Почему-то теперь, спустя десять лет после того случая, я вспоминал родителей именно такими как в ту ночь – тревожные со следами недавнего сна. Только морщины на их лицах становились в воспоминаниях все глубже и серебряные волоски все сильнее искрились на их висках и вокруг глубоких залысин отца, которые всегда меня настораживали. Я понимал, что однажды у меня появятся такие же. Они будут все больше и светлее, пока однажды не сомкнутся на затылке посреди совершенно белой головы. Но пока в отражении стекла я видел свою черную густую шевелюру, слегка волнистую. И на сотни километров вокруг нет ни одного парикмахера чтобы состричь этот позор.
Зато есть холодное северное море. Оно лежало серым неподвижным свинцом там за окном под таким же глубоким темным небом и по нему неспешно плыли осколки льдин. В мое бедро упиралась дорожная сумка, а стакан черного несладкого кофе обжигал пальцы. Я следил за тем, как среди льдин бесшумно движется баркас, пока не пошел крупными хлопьями снег и за окном не повисла непроглядная пелена.

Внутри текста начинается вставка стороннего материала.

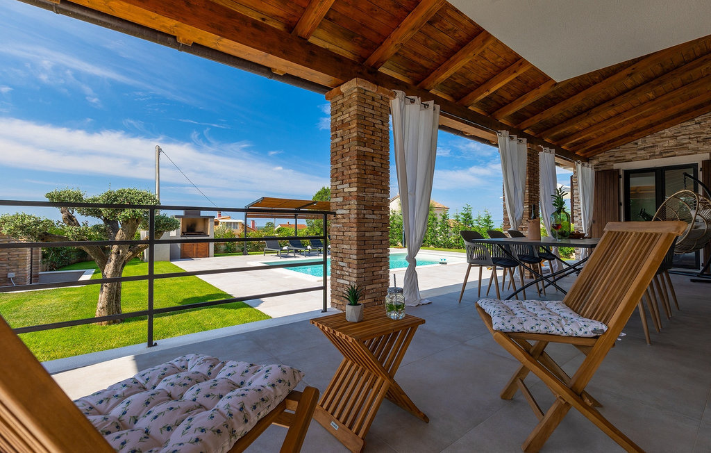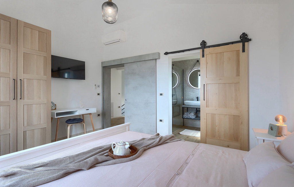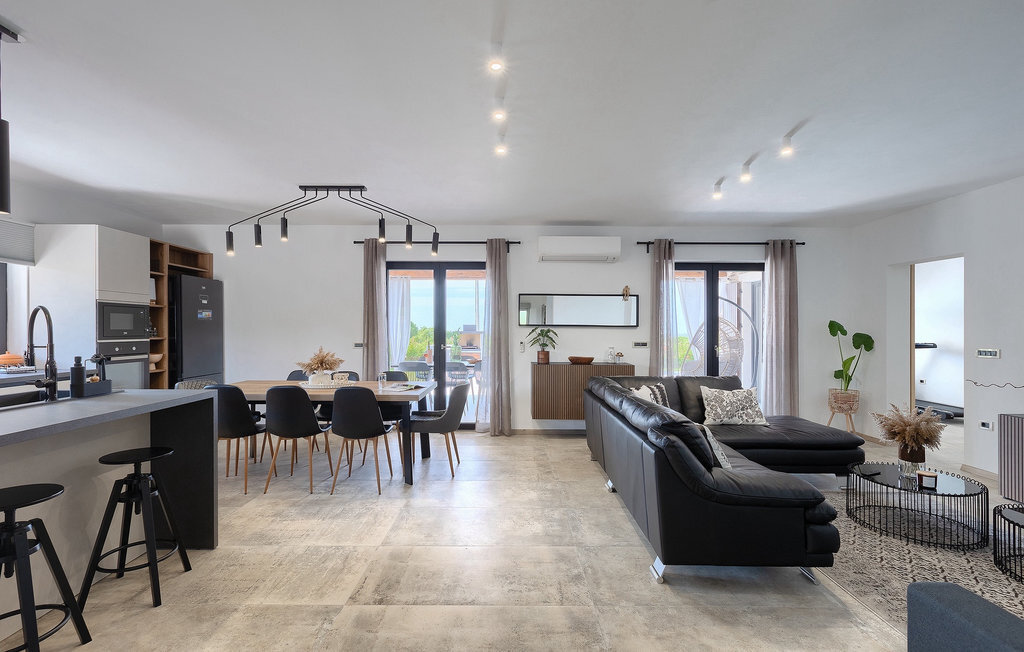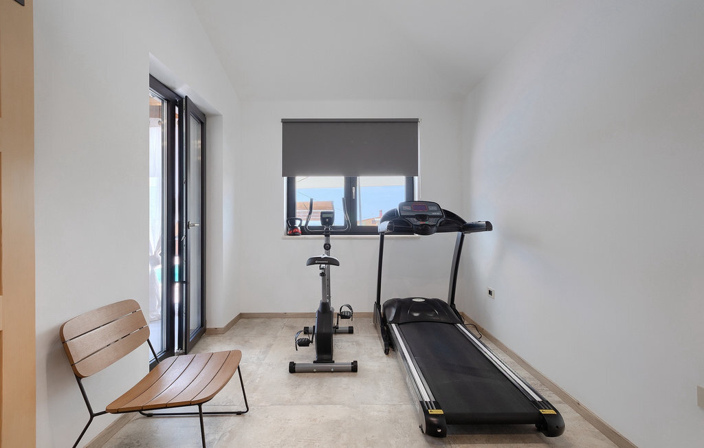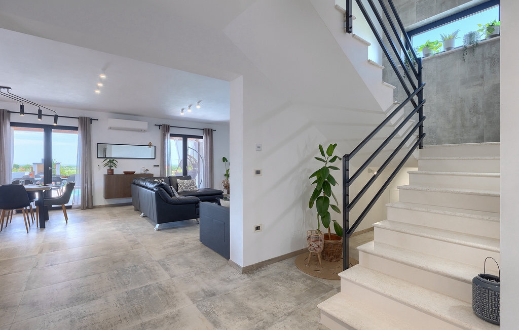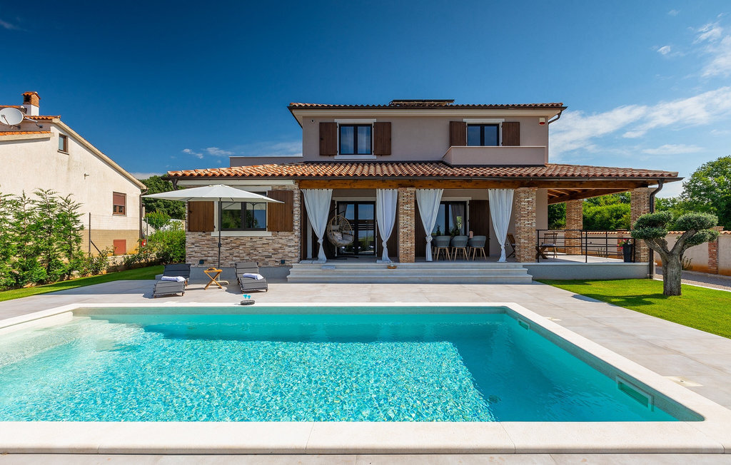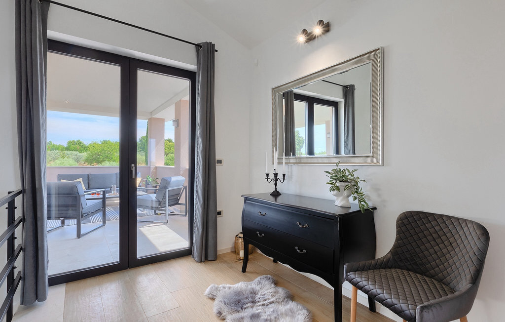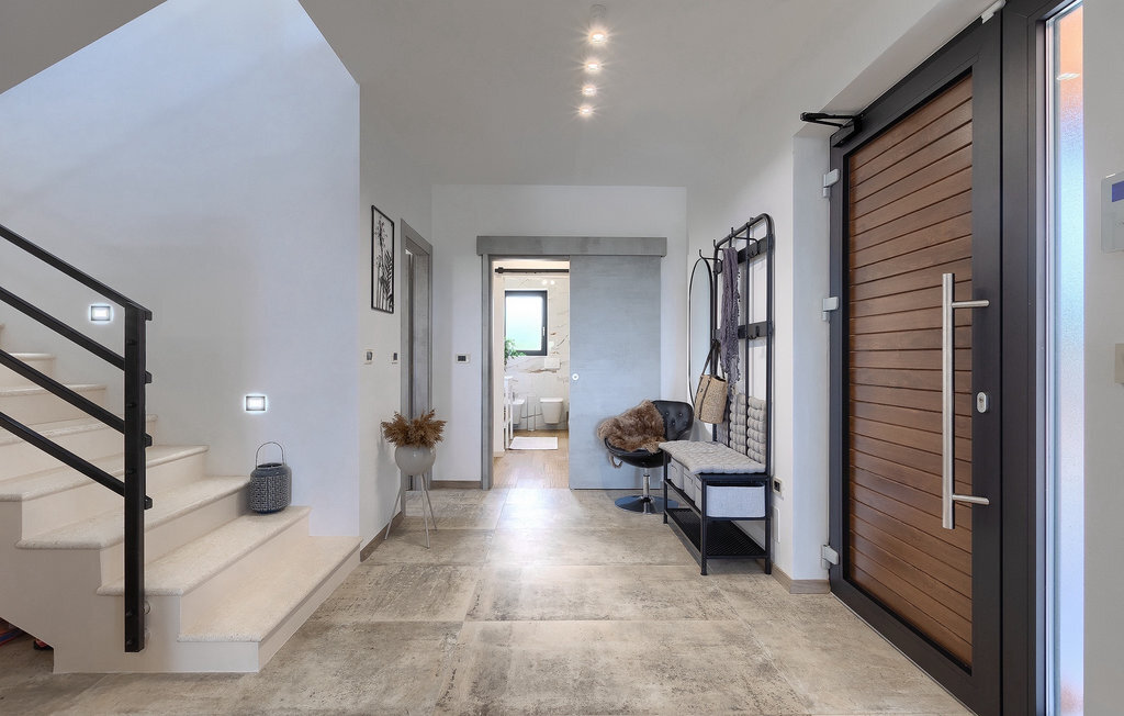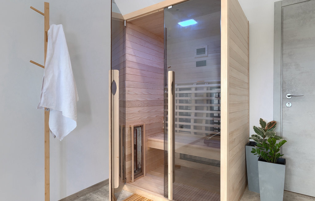 Située à Galizana, près de Pula, la Villa Delfar est la villa qu'il vous faut si vous êtes à la recherche de vacances luxueuses, calmes et actives. Elle vous offre en premier lieu une fantastique piscine privée. En outre, vous disposez d'un sauna et d'une salle de fitness privée avec tapis roulant et vélo d'appartement. Les propriétaires de la villa ont également accordé beaucoup d'importance à votre confort, car toute la villa est équipée du chauffage au sol et de trois chambres confortables avec salle de bain privée et télévision par satellite. Au rez-de-chaussée, vous trouverez une cuisine moderne, élégante et entièrement équipée ainsi qu'un espace ouvert avec un salon et une salle à manger modernes et confortables pour 8 personnes. Même si tout cela est étonnant, vous passerez probablement quand même la plupart de votre temps à l'extérieur, où vous trouverez une table à manger en plein air, un barbecue, une table de billard, une aire de jeux pour enfants et bien plus encore. Détendez-vous et profitez-en ! Galizana est une petite localité située près de Pula, la plus grande ville d'Istrie, connue pour ses sites historiques. L'histoire de Galizana remonte à l'époque romaine. Aujourd'hui, c'est un petit village de 1500 habitants, avec l'église paroissiale Saint-Roch datant du 17e siècle au centre du village. Comme il s'agit d'une région agricole, la population pratique principalement la viticulture, l'oléiculture et l'élevage, et produit de l'huile d'olive, du fromage de chèvre et d'autres produits locaux. L'avantage de Galizana est sa situation tranquille dans le paysage typique de l'Istrie et sa proximité avec de nombreuses commodités attrayantes qui ne sont qu'à une courte distance en voiture. Certaines d'entre elles sont l'amphithéâtre romain du 1er siècle, le parc national des îles Brijuni. Choisissez votre place idéale sur une plage de galets, de pierres ou de sable sur la côte entre Fazana et Valbadon ou visitez les plages escarpées du parc naturel de Kamenjak, l'endroit le plus au sud de l'Istrie. Découvrez l'intérieur de l'Istrie et ses villes de montagne médiévales au riche patrimoine, aux traditions et aux spécialités gastronomiques.

– Баркас над баркасом, – сказал кто-то позади. – Смешно. Тут очень глубоко. В прошлом году такой же затонул на этом же месте,
Мне это смешным не показалось, но я молча кивнул голосу и достал из кармана толстой теплой куртки телефон. Ничего – ни звонков, ни писем. Только батарейка горит красным и неловко жмется к углу экрана одно деление сети. Тут на краю мира вообще удивительно, что есть связь. В наушнике ревел Van Halen со своим «Jump», но нахлынувшую меланхолию от вида за окном никак не разбавлял.

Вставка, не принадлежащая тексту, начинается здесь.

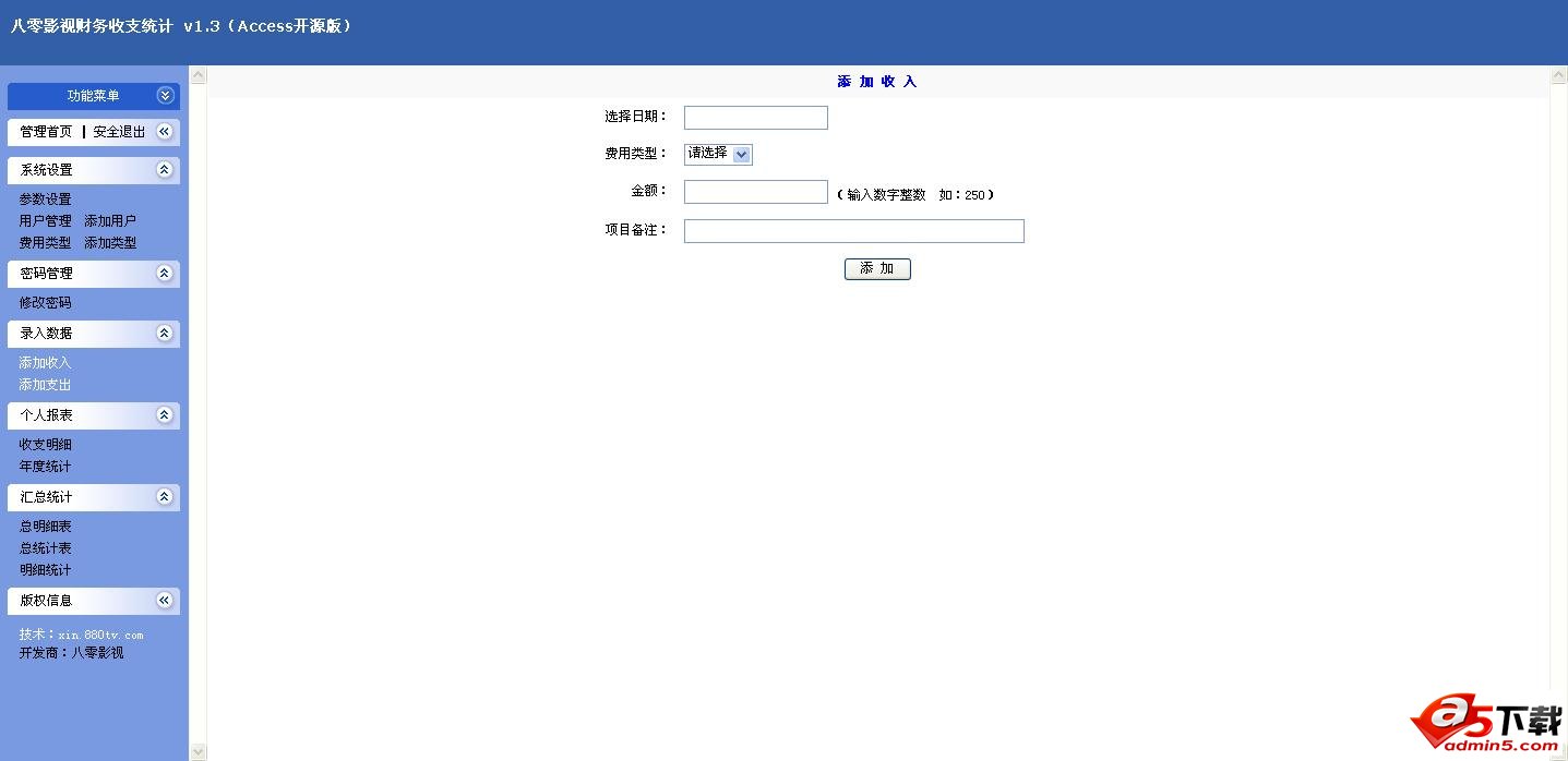 1、本程序为本人编写自己使用,现在无私送给大家免费使用。程序版权归作者所有,不能出售,违反者本人有权追究责任。 2、之前发布过v1.0(单用户版)及v1.1(多用户版)版本。从v1.2 版本起统一为多用户版。 3、安全起见,请把 data 文件夹内数据库改名后,用记事本打开 conn.asp 文件修改数据库路径。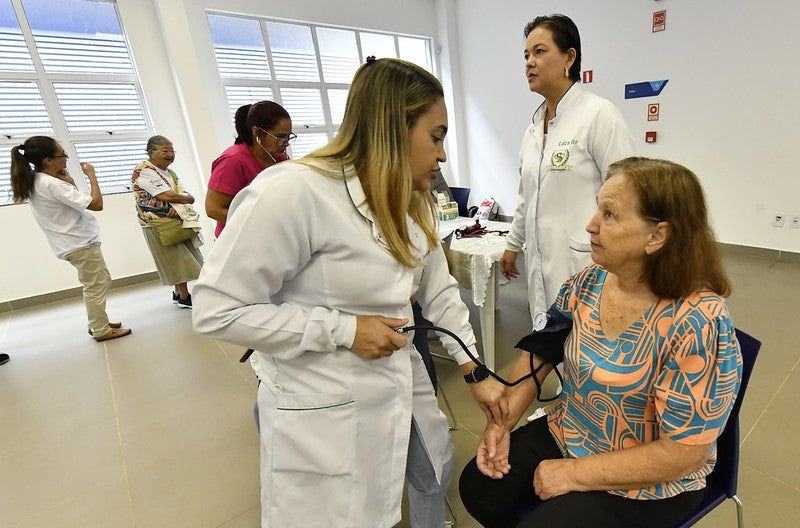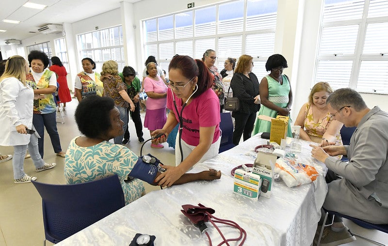 A festança começou por volta das 9h, no anfiteatro do Sest/Senat, e além de música, dança e muita animação, os participantes tiveram serviços de saúde (aferição da pressão arterial e testes de glicose/diabetes).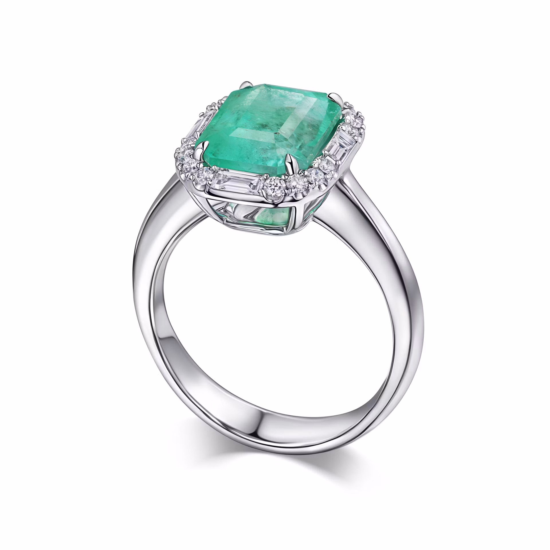 Кольцо с изумрудом 3.47 карата — это воплощение элегантности и утончённого стиля. Центральный изумруд весом 3.47 карата привлекает взгляд своим насыщенным зеленым оттенком, олицетворяя природную красоту и гармонию. Камень окружён изящной оправой из белого золота, которая подчеркивает его блеск и чистоту. Вокруг изумруда расположены сверкающие бриллианты, создающие утончённое сияние и добавляющие изделию особый шарм.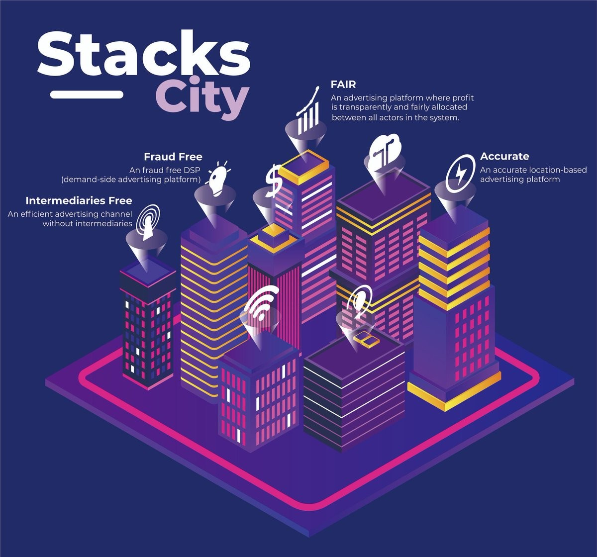 StacksCity è una piattaforma pubblicitaria decentralizzata in cui tutti gli attori del sistema vengono premiati per i loro contributi. massimizzando i vantaggi combinati della pubblicità basata sulla posizione; condivisione economica; e tecnologia blockchain. Collaborando con MATIC NETWORK. Uno degli obiettivi principali dell'utilizzo della blockchain come tecnologia di base è fornire servizi con fiducia agli utenti, inclusi proprietari di router, inserzionisti e utenti WiFi. Ogni volta che un utente WiFi visualizza un annuncio sulla pagina di accesso WiFi, il numero di visualizzazioni verrà aggiornato sulla blockchain e il token verrà distribuito al proprietario del router e all'account Stacks in base al prezzo e alla politica dell'offerta.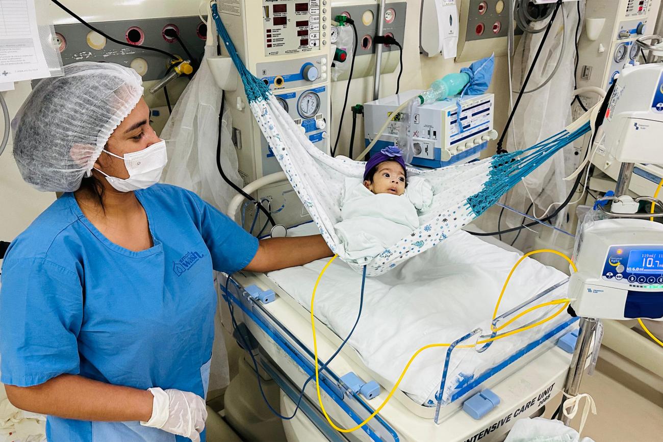 "As redes ajudam a simular o aconchego do útero e promovem o relaxamento. Sempre que possível, alternamos o uso entre a rede e a incubadora para contribuir no desenvolvimento", explicou a enfermeira Alana Isaura Santos, que presta assistência no setor.

– А я не тебе говорю. Я так, размышляю.
Я все же обернулся. Тощий старик с жиденькой бородкой смотрел, как и я в окно на его шее дрожал острый кадык в такт глоткам холодного пива из запотевшей бутылки. Я поежился, перевел взгляд низкий потолок забегаловки, которая служила тут и столовой, и кофейней и баром. Под потолком горел желтый фонарь в железной решетке. От него деревянные полы и стены светились теплым желтым янтарем, а за окнами дрожала ледяная серо-синяя мгла. Почти никого за пустыми столами, кроме меня, старика с глупым в такую погоду пивом и троих за дальним столиком в меховых куртках. Я не видел их лиц. Они сидели тихо, надвинув капюшоны на глаза и пялились в тусклый экран ноутбука. Его свет отражался в стеклах очков того, что сидел посередине и также как и я грел пальцы о стакан с кофе.
Дверь распахнулась, нарушив теплый уют. Вслед за человеком в толстом свитере и в фуражке влетел ветер, холод и сырость. На его плечах и голове лежал мокрый снег.
– Три места на баркасе. К причалу живо, отбываем через пятнадцать минут.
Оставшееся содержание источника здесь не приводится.